■ **Records for the task**
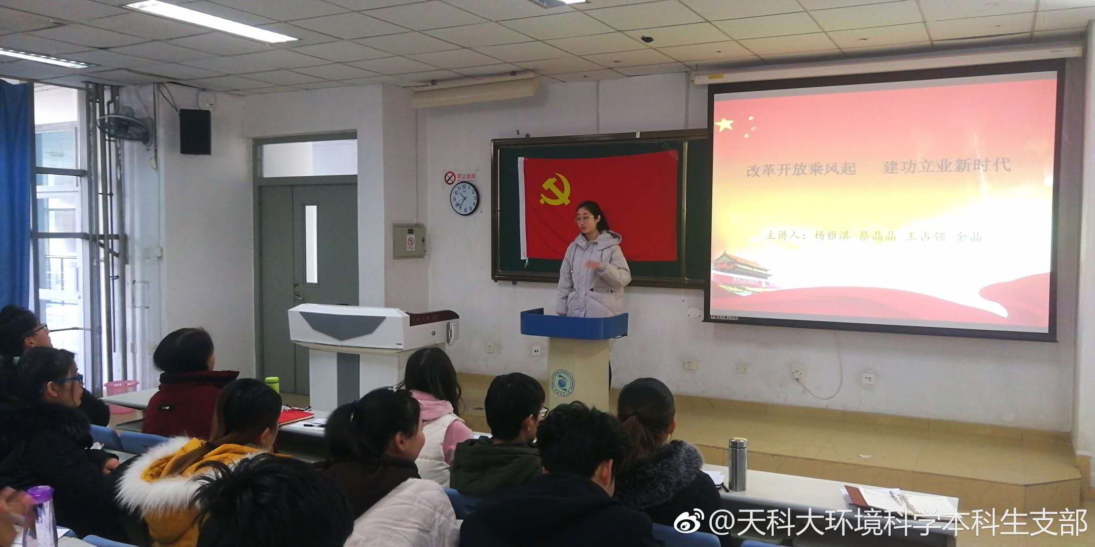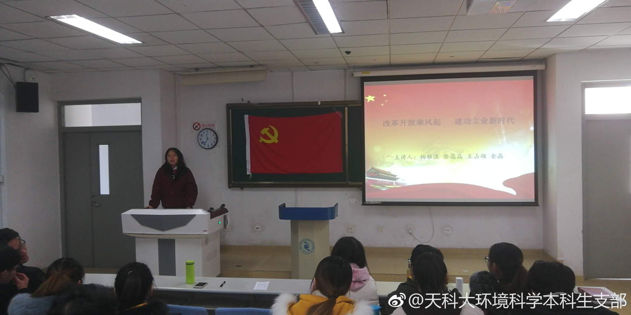 为切实坚定“四个自信”,进一步增强感恩党、感恩祖国、感恩人民的情怀,激发建功立业新时代的斗志和热情,12月29日中午,环境科学本科生党支部在泰达中校区3号楼109室进行了2018年“党员先锋讲坛”年度总决赛,本次先锋讲坛的主题为“改革开放乘风起,建功立业新时代”。
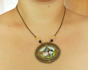 A person is wearing a necklace with a circular pendant featuring a cartoon house and two cartoon characters standing in front of it. The pendant is surrounded by a decorative border with a pattern of concentric circles and lines. The person is wearing a dark necklace chain that is not visible in the image. | American Gothic - Grant Wood. Necklace. Cameo | 1e5f53f87d9d069ec75261443c0a25aee24fe6071077a08ea36bf8f1396b9734 | 001229744112 | 0 | 0 | 54 | 7 | 0 | 0 | |
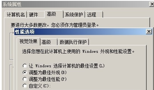 2.如果不能开启梦幻桌面功能,把视觉效果设为最佳外观。依次点击“我的电脑—属性 —高级系统设置—高级—性能—设置—调整为最佳外观”。
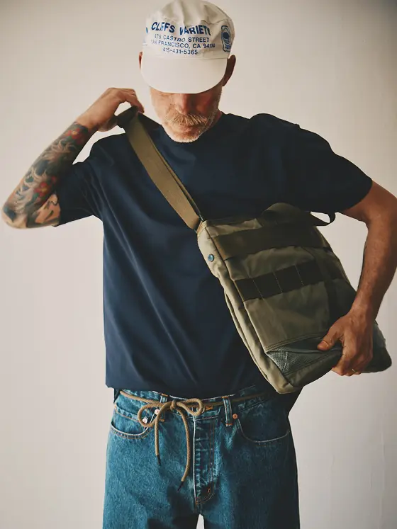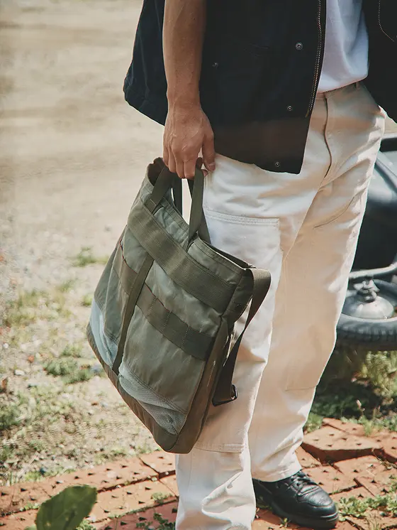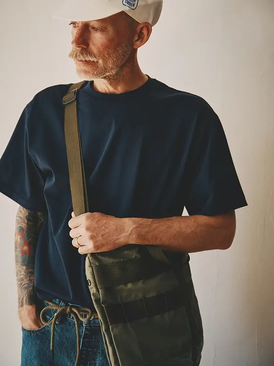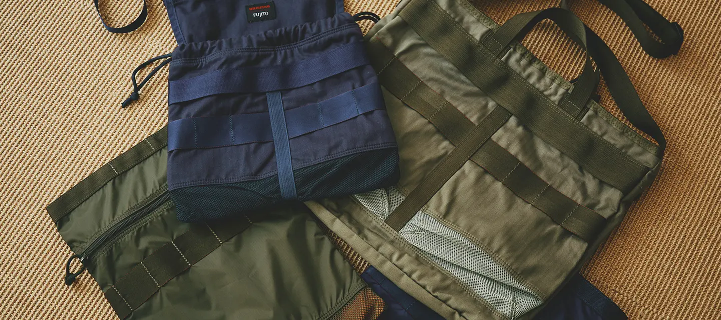 九州・福岡を拠点に活動するデザイナー藤戸剛氏が手がけるメンズブランド「FUJITO(フジト)」とのコラボレーションアイテムが登場。「上質なデイリーギア」をテーマに掲げ、両ブランドに共通するミリタリーテイストを軸に、素材感にこだわりながら日常のスタイリングに自然と溶け込むシンプルなデザインに仕上げました。 商品ラインナップは、APRON BAG、HELMET BAGに加え、ポーチとセットで楽しめるクルーネックTシャツの全3型。FUJITOらしいさりげない遊び心と使い勝手を高めるギミックを随所に取り入れ、日常のさまざまなシーンで活躍する、機能性とデザイン性を兼ね備えたコラボレーションアイテムをお届けします。
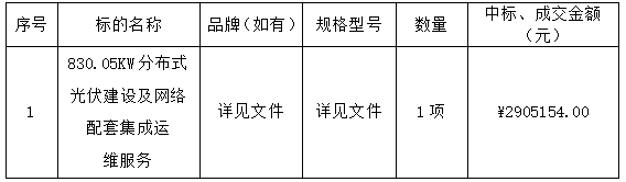 廣東業(yè)信招標(biāo)有限公司受 陽江市睿明新能源有限公司 的委托,于2025年6月25日就 陽江市睿明新能源有限公司830.05KW分布式光伏建設(shè)項目 (項目編號:YXZB-20250619)采用公開比選方式進(jìn)行采購?,F(xiàn)就本次采購的成交結(jié)果公告如下:
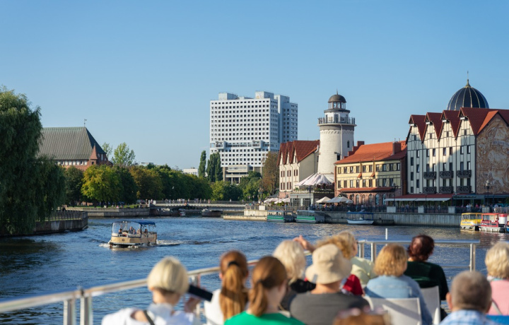 Вечерняя водная прогулка по реке Преголя с аудиогидом (40 мин) — живописные виды на Рыбную деревню, остров Канта, мосты и городские огни.
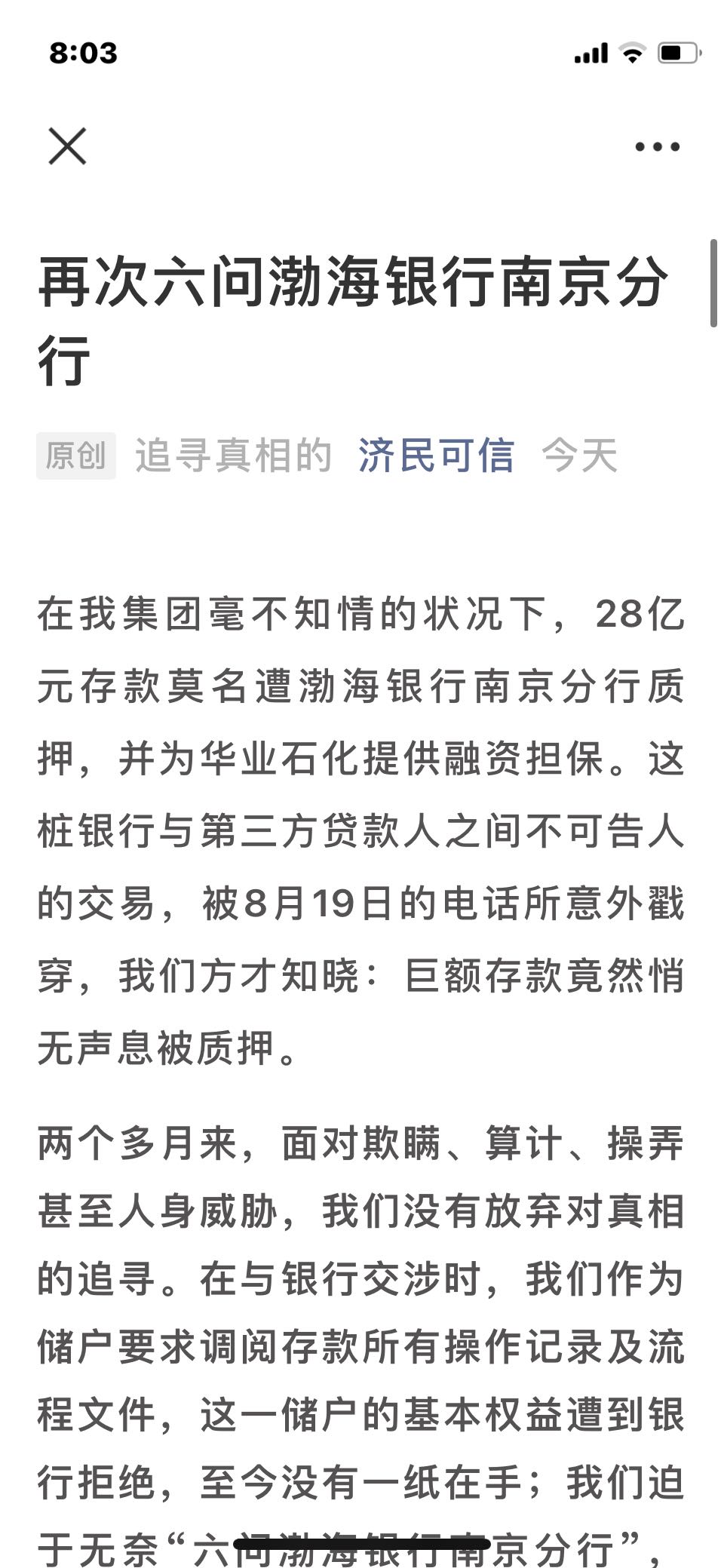 上述推文還說(shuō),“案發(fā)后的8月21日,渤海銀行南京分行營(yíng)業(yè)部總經(jīng)理胡兆鋒、總經(jīng)理助理管鵬程,帶領(lǐng)華業(yè)石化相關(guān)人員首次與濟(jì)民可信一方見(jiàn)面,承認(rèn)將濟(jì)民可信的存款用于貸款質(zhì)押,講述了相關(guān)過(guò)程和細(xì)節(jié),并拋出了一個(gè)再次質(zhì)押的解決方案,被濟(jì)民可信當(dāng)場(chǎng)拒絕。到了8月25日晚,貴行強(qiáng)行劃扣我方5億元存款后,華業(yè)石化資金部總監(jiān)董蕓又單獨(dú)找到我們,講述劃扣前如何與貴行鄭順寧副行長(zhǎng)等領(lǐng)導(dǎo)溝通的細(xì)節(jié)。對(duì)此我們深為震驚:貴行除管鵬程等人與華業(yè)石化勾肩搭背,其他管理層人員是否也參與了將我集團(tuán)28億元存款質(zhì)押的全過(guò)程?”
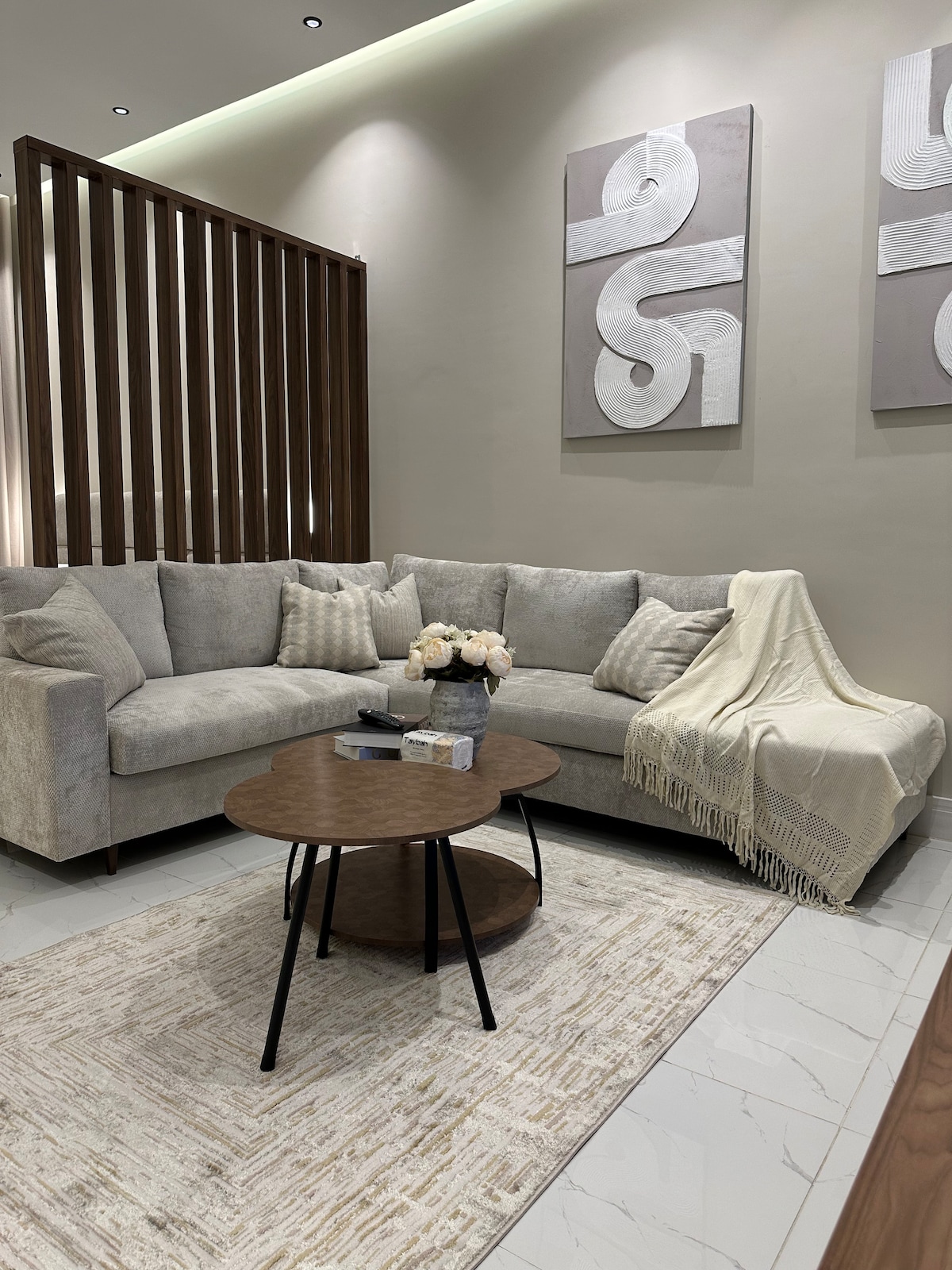 شقه فخمة بمدخل مستقل ودخول ذاتي على بعد دقيقه واحده من العثيم مول تحتوي على غرفتين نوم وحدة منهم ماستر وثلاثة دورات مياه ومطبخ صممت هذة الشقة لتوفر لك الراحة و الفخامة والخصوصية التامة وتبعد عن المطار 10 دقائق وبالقرب من جميع الخدمات الرئيسية والمطاعم والكافيهات المشهورة وتحتوي الشقة أيضاً على شاشة تلفزيون 75 بوصة ركن قهوة انترنت أدوات عناية شخصية ومجفف شعر ونتمنى لكم إقامة سعيدة

■ **Task to complete**
Repeat all the material exactly, but keep pictures out of the copy.

■ **Answer space**
 为切实坚定“四个自信”,进一步增强感恩党、感恩祖国、感恩人民的情怀,激发建功立业新时代的斗志和热情,12月29日中午,环境科学本科生党支部在泰达中校区3号楼109室进行了2018年“党员先锋讲坛”年度总决赛,本次先锋讲坛的主题为“改革开放乘风起,建功立业新时代”。
 A person is wearing a necklace with a circular pendant featuring a cartoon house and two cartoon characters standing in front of it. The pendant is surrounded by a decorative border with a pattern of concentric circles and lines. The person is wearing a dark necklace chain that is not visible in the image. | American Gothic - Grant Wood. Necklace. Cameo | 1e5f53f87d9d069ec75261443c0a25aee24fe6071077a08ea36bf8f1396b9734 | 001229744112 | 0 | 0 | 54 | 7 | 0 | 0 | |
 2.如果不能开启梦幻桌面功能,把视觉效果设为最佳外观。依次点击“我的电脑—属性 —高级系统设置—高级—性能—设置—调整为最佳外观”。
 九州・福岡を拠点に活動するデザイナー藤戸剛氏が手がけるメンズブランド「FUJITO(フジト)」とのコラボレーションアイテムが登場。「上質なデイリーギア」をテーマに掲げ、両ブランドに共通するミリタリーテイストを軸に、素材感にこだわりながら日常のスタイリングに自然と溶け込むシンプルなデザインに仕上げました。 商品ラインナップは、APRON BAG、HELMET BAGに加え、ポーチとセットで楽しめるクルーネックTシャツの全3型。FUJITOらしいさりげない遊び心と使い勝手を高めるギミックを随所に取り入れ、日常のさまざまなシーンで活躍する、機能性とデザイン性を兼ね備えたコラボレーションアイテムをお届けします。
 廣東業(yè)信招標(biāo)有限公司受 陽江市睿明新能源有限公司 的委托,于2025年6月25日就 陽江市睿明新能源有限公司830.05KW分布式光伏建設(shè)項目 (項目編號:YXZB-20250619)采用公開比選方式進(jìn)行采購?,F(xiàn)就本次采購的成交結(jié)果公告如下:
 Вечерняя водная прогулка по реке Преголя с аудиогидом (40 мин) — живописные виды на Рыбную деревню, остров Канта, мосты и городские огни.
 上述推文還說(shuō),“案發(fā)后的8月21日,渤海銀行南京分行營(yíng)業(yè)部總經(jīng)理胡兆鋒、總經(jīng)理助理管鵬程,帶領(lǐng)華業(yè)石化相關(guān)人員首次與濟(jì)民可信一方見(jiàn)面,承認(rèn)將濟(jì)民可信的存款用于貸款質(zhì)押,講述了相關(guān)過(guò)程和細(xì)節(jié),并拋出了一個(gè)再次質(zhì)押的解決方案,被濟(jì)民可信當(dāng)場(chǎng)拒絕。到了8月25日晚,貴行強(qiáng)行劃扣我方5億元存款后,華業(yè)石化資金部總監(jiān)董蕓又單獨(dú)找到我們,講述劃扣前如何與貴行鄭順寧副行長(zhǎng)等領(lǐng)導(dǎo)溝通的細(xì)節(jié)。對(duì)此我們深為震驚:貴行除管鵬程等人與華業(yè)石化勾肩搭背,其他管理層人員是否也參與了將我集團(tuán)28億元存款質(zhì)押的全過(guò)程?”
 شقه فخمة بمدخل مستقل ودخول ذاتي على بعد دقيقه واحده من العثيم مول تحتوي على غرفتين نوم وحدة منهم ماستر وثلاثة دورات مياه ومطبخ صممت هذة الشقة لتوفر لك الراحة و الفخامة والخصوصية التامة وتبعد عن المطار 10 دقائق وبالقرب من جميع الخدمات الرئيسية والمطاعم والكافيهات المشهورة وتحتوي الشقة أيضاً على شاشة تلفزيون 75 بوصة ركن قهوة انترنت أدوات عناية شخصية ومجفف شعر ونتمنى لكم إقامة سعيدة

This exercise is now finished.